To get a summary, simple type:
root@4fb715613e82:/srdk_projects/cy/paldaruo# SRDK_HResults.py
this will update the /srdk_projects/cy/paldaruo/paldaruo-metadata.db
file with a table that contains all of the results. To see the results,
use a simple select to see the better contributions:
sqlite> .tables
metadata user_results
sqlite> .schema user_results
CREATE TABLE user_results (uid PRIMARY KEY NOT NULL, word_accuracy NUMERIC NOT NULL);
sqlite> .mode csv
sqlite> .output best_uidkeys.csv
sqlite> select uid from user_results where word_accuracy > 70;
sqlite> .output stdout
in order to retrieve further statistics on the data with over 70% accuracy:
sqlite> select count(*) from ( select u.uid, u.word_accuracy, w.filename, w.duration from user_results as u, wavfiles as w where u.uid=w.uid and u.word_accuracy>70 );
2349
sqlite> select count(DISTINCT uid) from ( select u.uid, u.word_accuracy, w.filename, w.duration from user_results as u, wavfiles as w where u.uid=w.uid and u.word_accuracy>70 );
96
sqlite> select sum(duration) from ( select u.uid, u.word_accuracy, w.filename, w.duration from user_results as u, wavfiles as w where u.uid=w.uid and u.word_accuracy>70 );
23093.7175208333
sqlite> select sum(duration)/60/60 from ( select u.uid, u.word_accuracy, w.filename, w.duration from user_results as u, wavfiles as w where u.uid=w.uid and u.word_accuracy>70 );
6.41492153356481
Contributions from a number of uids can be used together to train more speaker independent acoustic models. The results of the above exercise especially can be used to a subset that could provide the most accurate and speaker independent acoustic models. Use the above CSV for the following command:
root@4fb715613e82:/srdk_projects/cy/paldaruo# SRDK_0_PrepareAudio.py -f best_uidkeys.csv -n paldaruo
and then:
root@4fb715613e82:/srdk_projects/cy/paldaruo# SRDK_Train.py
(N.B. srdk/cy/paldaruo/over_70percent_word_accuracy_86.uids
already contains the 86 uids that have been identified as providing better recordings for acoustic model training)
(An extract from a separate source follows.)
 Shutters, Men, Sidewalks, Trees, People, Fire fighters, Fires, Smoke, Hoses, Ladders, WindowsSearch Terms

If the Paldaruo corpus has already been trained, then
$ cd /srdk_projects/cy/paldaruo
$/srdk_projects/cy/paldaruo $ SRDK_2_PronunciationDictionary
$/srdk_projects/cy/paldaruo $ SRDK_4_Transcriptions
These prepare dictionary resources. To continue with audio:
/srdk_projects/cy/paldaruo $ SRDK_5_CodingAudioData
/srdk_projects/cy/paldaruo $ SRDK_6_FlatStart
/srdk_projects/cy/paldaruo $ SRDK_7_SilenceModels
/srdk_projects/cy/paldaruo $ SRDK_8_Realign
/srdk_projects/cy/paldaruo $ SRDK_9_Triphones
/srdk_projects/cy/paldaruo $ SRDK_10_TiedStateTriphones
Models can be found in hmm15. Use the following to test:
/srdk_projects/cy/paldaruo $ SRDK_11_TestModels
A language model in a speech recognition engine provides the ability to develop a dictation system.
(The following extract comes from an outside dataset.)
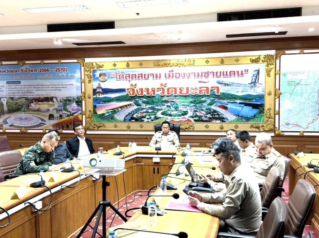 วันจันทร์ ที่ 8 ธันวาคม 2568 ตั้งแต่เวลา 09.00 น. นายโอฬาร บิลสัน ปลัดจังหวัดยะลาเข้าร่วมการประชุมกองบัญชาการป้องกันและบรรเทาสาธารณภัยแห่งชาติ (บกปภ.ช.) เพื่อติดตามสถานการณ์และการให้ความช่วยเหลือผู้ประสบภัยในพื้นที่ภาคใต้ โดยมี นายศักดิ์ดา วิเชียรศิลป์ รัฐมนตรีช่วยว่าการกระทรวงมหาดไทย เป็นประธาน ณ ห้องกองบัญชาการป้องกันและบรรเทาสาธารณภัยแห่งชาติ อาคาร 3 ชั้น 5 ปภ. และผ่านสื่ออิเล็กทรอนิกส์ ในส่วนของจังหวัดยะลา มีนายมูฮัมมัด ศานติภิมุข รอง ผวจ.ยะลา เป็นประธาน มีหัวหน้าส่วนราชการ, หัวหน้าหน่วยงาน, ปลัดจังหวัดยะลา, ป้องกันจังหวัดยะลา, ผู้แทนนายอำเภอ, ผู้ช่วยป้องกันจังหวัด, ข้าราชการ และเจ้าหน้าที่ที่เกี่ยวข้องเข้าร่วมฯ ณ ห้องประชุมพิกุล อาคาร 3 ชั้น 3 ศาลากลางจังหวัดยะลา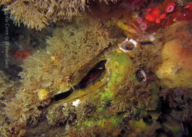 Although the visibility dropped a little bit, the sea was calm. We headed out to buoy A and decided to cruise toward the caves. Shortly after we descended, we were greeted by a very friendly harbor seal. The seal stayed and watched us at arm’s reach, obviously inviting us to join the play.

You will need a text corpus. Fortunately the Welsh National Language Technologies Portal contains downloads such as The Proceedings of the National Assembly for Wales ('CofnodYCynulliad'). Simply use:
/usr/local/srdk/cy/lang_tools $ ./fetch_cofnod_corpus.sh
To begin training with the text, go to the training folder and if necessary create a 'lm' folder:
/srdk_projects/cy/paldaruo $ mkdir lm
Go into lm
folder in order to use the following scripts. You will need to use the corpus's name.
/srdk_projects/cy/paldaruo/lm $ SRDK_LM_Make CofnodYCynulliad
It's possible to test the model's perplexity score with:
root@a75269e08333:/srdk_projects/cy/paldaruo/lm# SRDK_LM_PerplexityTest CofnodYCynulliad
inpfile: CofnodYCynulliad/lm.irstlm.arpa
outfile: lm.irstlm.arpa.blm
evalfile: /srdk_projects/cy/corpus/text/CofnodYCynulliad/test/test.txt
loading up to the LM level 1000 (if any)
dub: 10000000
Language Model Type of CofnodYCynulliad/lm.irstlm.arpa is 1
Language Model Type is 1
OOV code is 43154
OOV code is 43154
Start Eval
OOV code: 43154
%% Nw=13159 PP=162.65 PPwp=41.12 Nbo=5617 Noov=238 OOV=1.81%